Sorprendentemente, la risposta che essi stessi hanno dato è un netto “Si”. Che non è il frutto una ottimistica previsione, ma che arriva al termine di uno studio articolato e serio, basato su una complessa simulazione di un’eruzione su un ipotetico pianeta roccioso simile alla Terra. Su di esso, sarebbe la presenza di grandi concentrazioni di biossido di zolfo nell’atmosfera l’inconfondibile“impronta digitale” capace di rivelarci lo sviluppo del fenomeno.
“Certo, dovrebbe accadere qualcosa di veramente sconvolgente, come un’eruzione che proietti una grande quantità di gas nell’atmosfera dell’esopianeta”,dice Lisa Kaltenegger, astronoma dello Smithsonian. “Il nuovo telescopio spaziale James Webb, che verrà lanciato tra qualche anno, sarà in grado di individuare un’eruzione maggiore tra le 10 e 100 volte quella del vulcano Pinatubo che si sviluppasse in sistemi planetari ospitati dalle stelle a noi più vicine”.

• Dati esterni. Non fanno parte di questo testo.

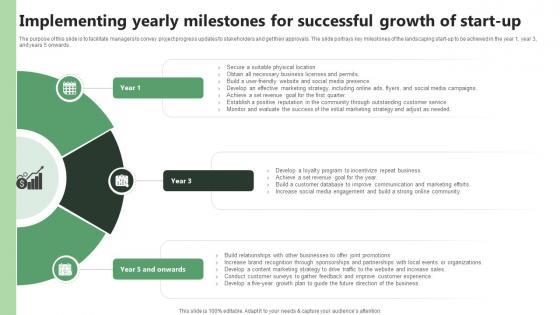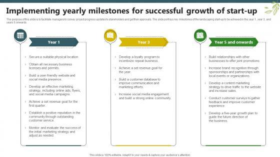 The purpose of this slide is to facilitate managers to convey project progress updates to stakeholders and get their approvals. The slide portrays key milestones of the landscaping start-up to be achieved in the year 1, year 3, and years 5 onwards. Crafting an eye-catching presentation has never been more straightforward. Let your presentation shine with this tasteful yet straightforward Implementing Yearly Milestones For Successful Growth Of Start Up Lawn Care BP SS V template. It offers a minimalistic and classy look that is great for making a statement. The colors have been employed intelligently to add a bit of playfulness while still remaining professional. Construct the ideal Implementing Yearly Milestones For Successful Growth Of Start Up Lawn Care BP SS V that effortlessly grabs the attention of your audience Begin now and be certain to wow your customers The purpose of this slide is to facilitate managers to convey project progress updates to stakeholders and get their approvals. The slide portrays key milestones of the landscaping start-up to be achieved in the year 1, year 3, and years 5 onwards.

Per avere un termine di paragone, l’eruzione del vulcano Pinatubo sulle isole Filippine, avvenuta nel 1991, ha immesso circa 17 milioni di tonnellate di biossido di zolfo nella stratosfera – una fascia dell’atmosfera che si estende tra 6 e 30 chilometri sopra la superficie terrestre. La più grande eruzione vulcanica nella storia, quella del vulcano Tambora nel 1815, era circa 10 volte più potente.
Eruzioni così violente sono molto rare, e gli astronomi dovrebbero osservare in modo continuativo gli esopianeti simili alla Terra per anni, con la speranza di cogliere un simile evento proprio durante il suo svolgimento. Tuttavia, se l’attività vulcanica su questi mondi è più intensa di quanto accada sul nostro pianeta, le probabilità di successo aumentano sensibilmente.
“Un’eruzione tipo quella del Tambora non capita spesso da noi, ma potrebbe essere più comune su un pianeta più giovane, o dove ci sono forti effetti mareali, come ad esempio su Io, uno dei satelliti di Giove”, commenta Wade Henning, un altro ricercatore dello Smithsonian che ha partecipato allo studio. “Una volta individuata una eruzione su un certo pianeta, si può continuare a osservarlo, per capire con quale frequenza avvengano questi fenomeni su altri mondi.”